The tag team for better bacterial health include a trio of heroes in the form of Prebiotics, Probiotics‚ and Polyphenols.
  • Prebiotics — are non-​​digestible fiber compounds. Their effectiveness is their ability to pass through the stomach undigested until they reach the lower intestine. There, they help increase bifidobacteria and lactic acid bacteria to help improve digestion and elimination. Leeks, raw onion, garlic, bananas and kiwifruit are excellent sources as are multi-​​source fiber supplements.
  • Probiotics — live microorganisms/​cultures that help feed and promote good bacteria. Found in fermented foods like kefir, yogurt, sauerkraut, and pickled fruits/​vegetables. You may also supplement with beneficial probiotics like bifidobacterium and lactobacillus.

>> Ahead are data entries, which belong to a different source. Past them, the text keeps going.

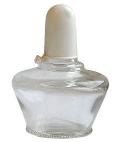 Спиртовка изготовлена из стекла, снабжена держателем фитиля и колпачком для гашения пламени.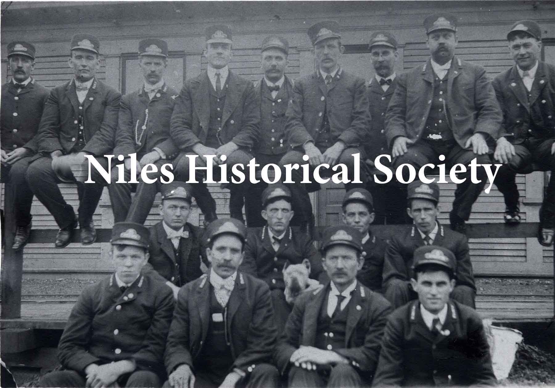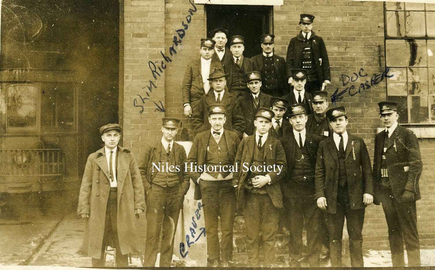 Streetcar motormen from the Mahoning Valley Electric Railway Company of Niles. In the back row, second from the left is Roy Swegans and the third from the right is John Curry.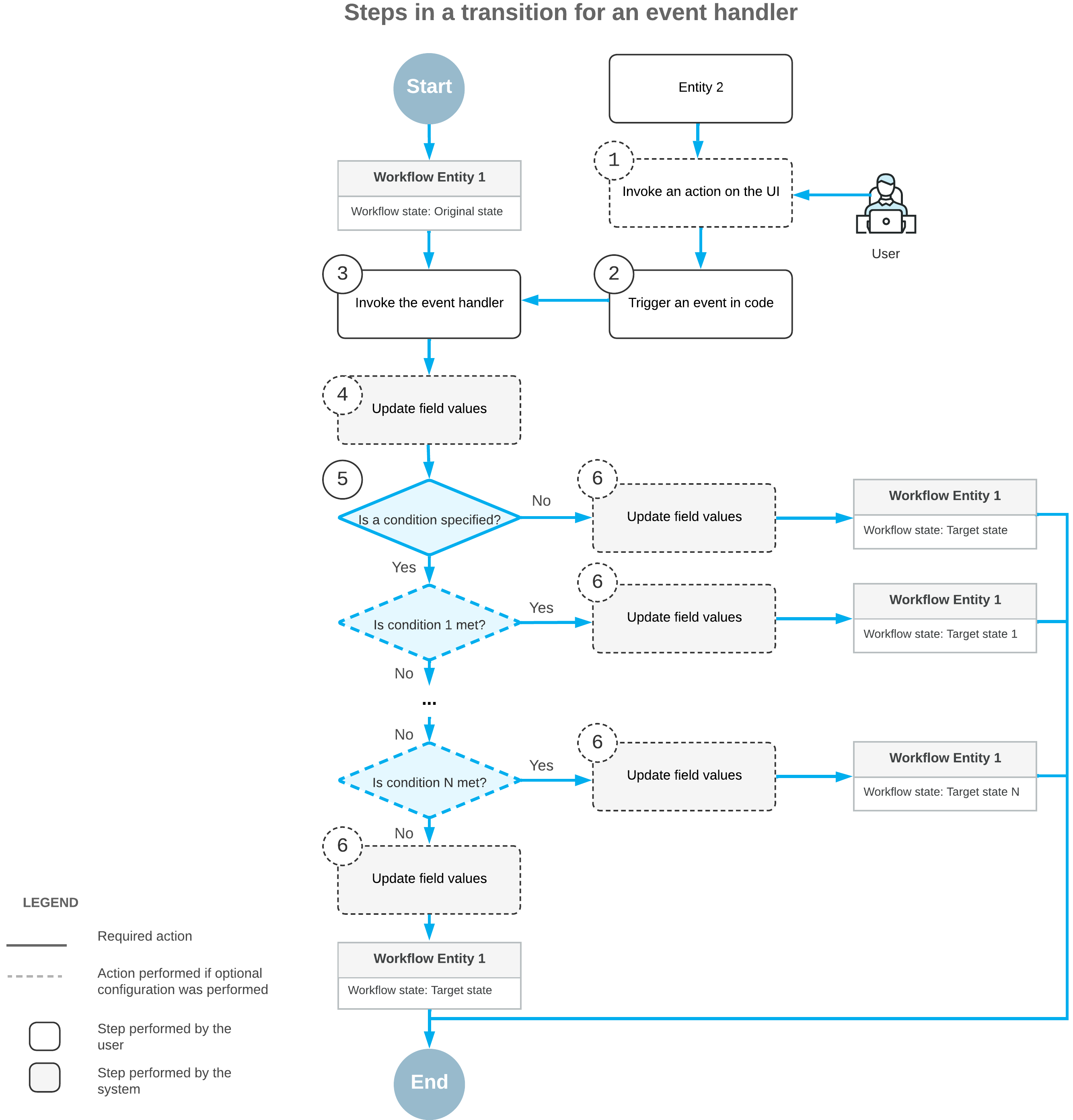 First, a user invokes an action in the UI of a different form for some other record (Item 1 in the diagram) or changes a value in a box on this form or another form. This triggers an event in the code (Item 2). Then the system invokes an event handler (Item 3) and updates any fields that you have specified for this event handler (Item 4). If you have specified a transition for this event handler and a condition for this transition, the condition is checked (Item 5).

  • Polyphenols — are chemical compounds found in plants that feed Bacteroidetes and help suppress Firmicutes for better bacterial balance. That may explain the weight-reducing properties of fruit (especially raspberries, strawberries & blueberries), green tea, red wine vinegar, and apple cider vinegar.

Now that you’ve accepted the fact that you are not alone, be sure to maintain the proper care and feeding of your microbiome — that’s the best kind of gut check for a long, healthy and fit life.